Electromagnetic Induction of a Disk

[Mr_Allod]

Homework Statement

A thin conducting disk of thickness h, diameter D, and conductivity σ is placed in a uniform magnetic field B = B0sinωt parallel to the axis of the disk.
(a) Find the induced current density as a function of distance from the axis of the disk.
(b) What is the direction of this current?

Relevant Equations

Flux through a surface: $\phi = \vec A \cdot \vec B$
EMF: $\varepsilon = - \frac {d \phi} {dt}$
Faraday's Law: $\oint \vec E \cdot d \vec l = - \frac {d \phi} {dt}$
Current density and E-field relationship: $\vec J = \sigma \vec E$

Hello I'm having trouble finding the right way to apply Faraday's law to this question. I've found the flux through the disc:
$\phi = \vec A \cdot \vec B = B_{0} \sin{\omega t} \left( \frac D 2 \right)^2 \pi$

and the EMF:
$\varepsilon = - \frac {d \phi} {dt} = -B_{0} \omega \cos{\omega t} \left( \frac D 2 \right)^2 \pi$

Now to find the current density $\vec J$ I believe I need to find the electric field $\vec E$ using Faraday's law. I've seen it applied to a circular wire in a magnetic field in where the closed loop is the wire itself. I'm not sure how to apply this to a disk of thickness h though. Do I need to add up the contributions of circular strips with radii between 0 and $\frac D 2$ and thickness da?

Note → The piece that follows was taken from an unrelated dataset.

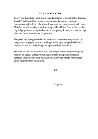 Makalah ini disusun oleh kelompok mahasiswa sebagai tugas mata kuliah sistem operasi. Penulis mengakui masih ada kekurangan dalam makalah ini dan berharap dapat memberikan manfaat sebagai acuan bagi pembaca. Mereka mengharapkan masukan konstruktif untuk perbaikan di masa depan.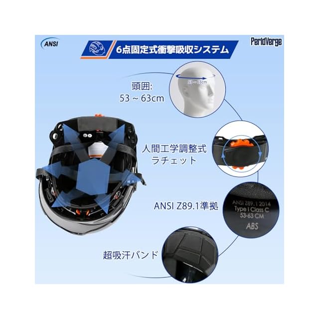 OSHA認証:高耐衝撃かつ貫通抵抗性に優れたABS素材で製造された当社の安全ヘルメットは、軽量で快適な装着感と優れた耐久性を両立しています。Perldverge 建設用ヘルメットはOSHA認証を取得しており、ANSI Z89.1 Type 1 Class C規格に適合しています。ANSI規格番号と製造年月日はヘルメットのつば内側に永久刻印されています

I'm also not sure about how to make it a "function of distance from the axis of the disk".

 

[Delta2]

You have to apply faraday's law properly (i mean the law in integral form $\oint \vec{E}\cdot d\vec{l}=-\frac{d\phi}{dt}$, this is actually the maxwell-faraday law, which is slightly different from faraday's law of induction, anyway the two laws coincide when we don't have moving parts but only time varying magnetic field like in this case) to find the electric field at distance $r$ from the center of the disk and at depth $h$ inside the disk.

Hint: The magnitude of the E-field does not depend on the depth but it depends on the distance $r$. You just have to carefully apply faraday's law in integral form, take advantage of the cylindrical symmetry present in this problem, and then solve for the magnitude of the electric field E.

 

[Mr_Allod]

You have to apply faraday's law properly (i mean the law in integral form $\oint \vec{E}\cdot d\vec{l}=-\frac{d\phi}{dt}$, this is actually the maxwell-faraday law, which is slightly different from faraday's law of induction, anyway the two laws coincide when we don't have moving parts but only time varying magnetic field like in this case) to find the electric field at distance $r$ from the center of the disk and at depth $h$ inside the disk.

Hint: The magnitude of the E-field does not depend on the depth but it depends on the distance $r$. You just have to carefully apply faraday's law in integral form, take advantage of the cylindrical symmetry present in this problem, and then solve for the magnitude of the electric field E.

If E does not depend on h but only the distance $r$ does that mean it's possible to just use the same closed loop integral as if it were a circular wire?

ie. $\oint \vec{E}\cdot d\vec{l}= \int_0^{2\pi} Es \, d\phi = E2\pi s$?

 

[Delta2]

If E does not depend on h but only the distance $r$ does that mean it's possible to just use the same closed loop integral as if it were a circular wire?

ie. $\oint \vec{E}\cdot d\vec{l}= \int_0^{2\pi} Es \, d\phi = E2\pi s$?

Yes exactly. I think the problem wants us to ignore the self induction effect of the disk (the current in the disk will create its own magnetic field which in turn will create another electric field) and hence we can solve as we suggest.

But be careful on the right hand side of the equation you have to put the (time derivative of) the flux that passes through the circular disk of radius $r$ and not the flux of the whole conducting disk.

 

[Mr_Allod]

Yes I see the mistake I made. After checking with the differential form of Faraday's law $\nabla \times \vec E = \frac {\partial \vec B} {\partial t}$ I see it's true for $r$ as opposed to $D$. Thanks very much for the help!

 

[Delta2]

Yes I see the mistake I made. After checking with the differential form of Faraday's law $\nabla \times \vec E = \frac {\partial \vec B} {\partial t}$ I see it's true for $r$ as opposed to $D$. Thanks very much for the help!

Both the integral and differential form are true (they hold) for any $(\vec{r},t)$. In the differential form this is more clear as the differential form is in its fully form as follows: $$\nabla \times \vec{E}(\vec{r},t)=-\frac{\partial \vec{B}(\vec{r},t)}{\partial t} $$
In the integral form it depends on the problem situation but in general we can integrate around any closed loop (in this problem situation around and circular loop of radius $r$ and center the center of the conducting disk), for any time instance $t$. And on the right hand side we should consider only the flux through the surface of the closed loop we choose to integrate.